[Dataset excerpts]
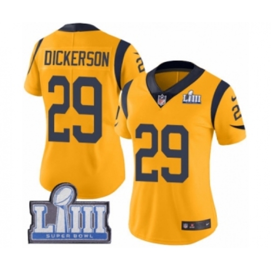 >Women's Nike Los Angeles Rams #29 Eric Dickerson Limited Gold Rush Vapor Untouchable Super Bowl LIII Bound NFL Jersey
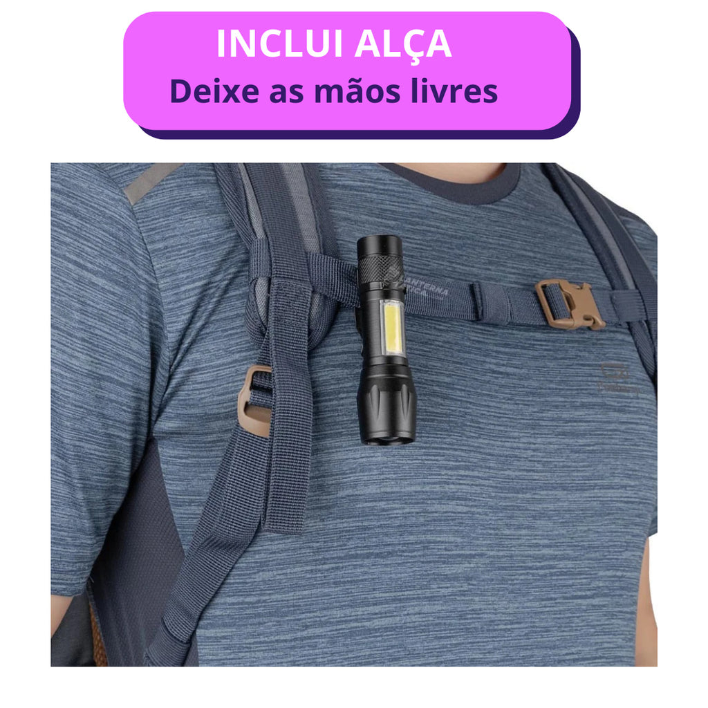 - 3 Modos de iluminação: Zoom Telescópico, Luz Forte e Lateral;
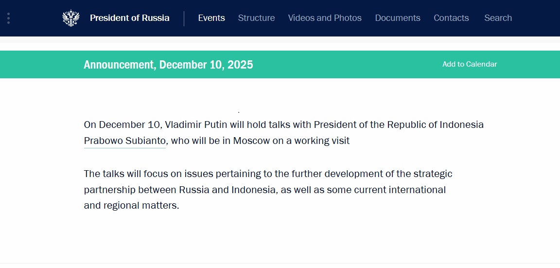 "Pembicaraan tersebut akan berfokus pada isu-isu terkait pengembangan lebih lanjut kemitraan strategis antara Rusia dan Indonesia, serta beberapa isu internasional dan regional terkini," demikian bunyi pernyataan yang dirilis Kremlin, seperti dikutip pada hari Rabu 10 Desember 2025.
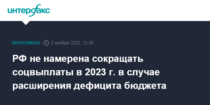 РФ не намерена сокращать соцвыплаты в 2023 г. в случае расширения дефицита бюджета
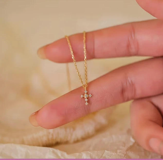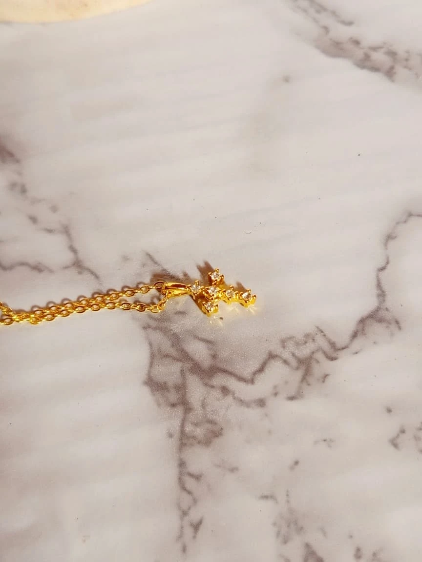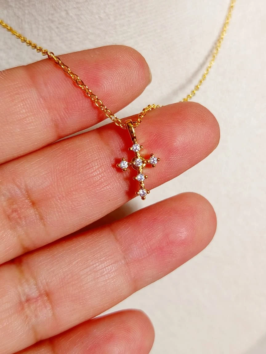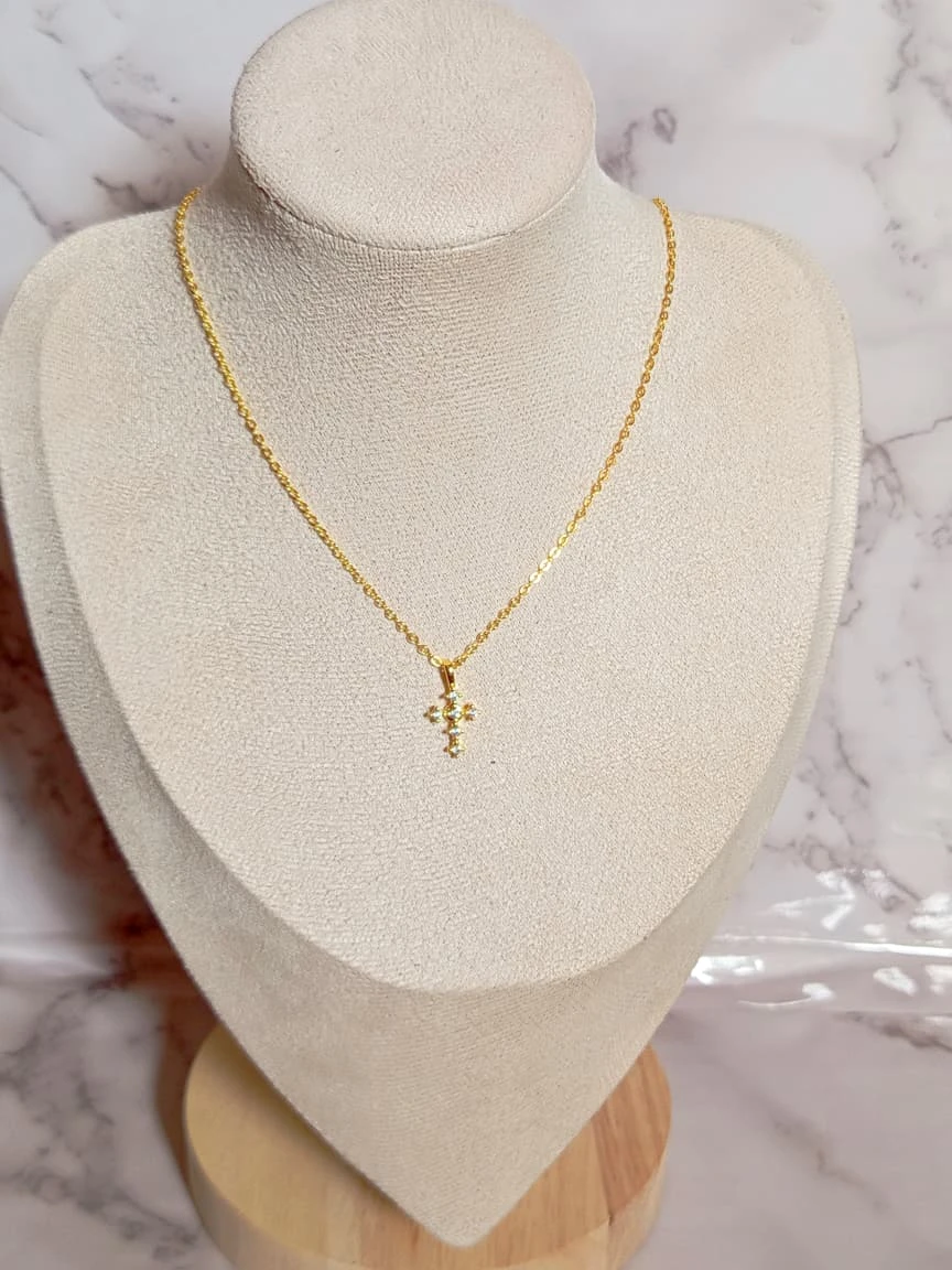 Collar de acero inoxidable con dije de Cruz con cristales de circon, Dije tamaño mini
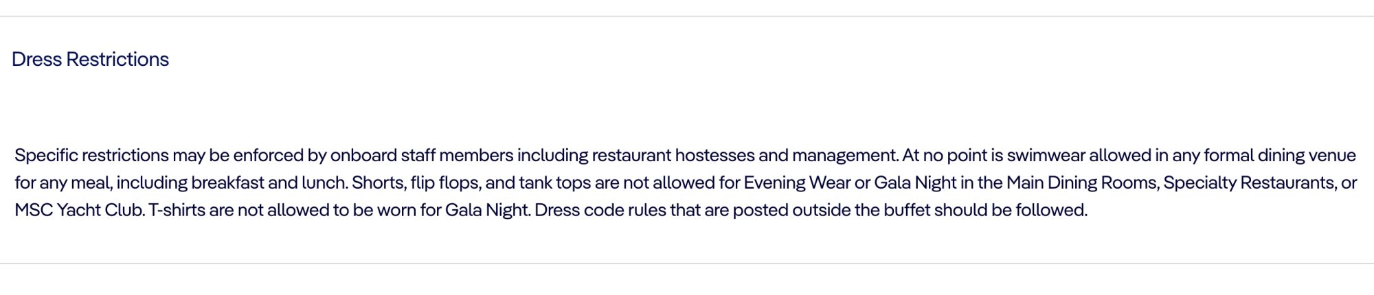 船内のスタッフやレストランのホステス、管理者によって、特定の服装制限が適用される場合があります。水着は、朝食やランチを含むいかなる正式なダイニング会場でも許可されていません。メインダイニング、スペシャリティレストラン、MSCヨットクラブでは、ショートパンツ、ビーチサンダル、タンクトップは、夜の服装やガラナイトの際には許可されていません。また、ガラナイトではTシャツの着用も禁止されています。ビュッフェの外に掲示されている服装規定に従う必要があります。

- _WHAT IS NEEDED_
Exactly the lines from the one with "РФ не намерена" through the end of the records are to be repeated, both ends included, and pictures are to be omitted.

- _ANSWER TO THIS TASK_
 РФ не намерена сокращать соцвыплаты в 2023 г. в случае расширения дефицита бюджета
 Collar de acero inoxidable con dije de Cruz con cristales de circon, Dije tamaño mini
 船内のスタッフやレストランのホステス、管理者によって、特定の服装制限が適用される場合があります。水着は、朝食やランチを含むいかなる正式なダイニング会場でも許可されていません。メインダイニング、スペシャリティレストラン、MSCヨットクラブでは、ショートパンツ、ビーチサンダル、タンクトップは、夜の服装やガラナイトの際には許可されていません。また、ガラナイトではTシャツの着用も禁止されています。ビュッフェの外に掲示されている服装規定に従う必要があります。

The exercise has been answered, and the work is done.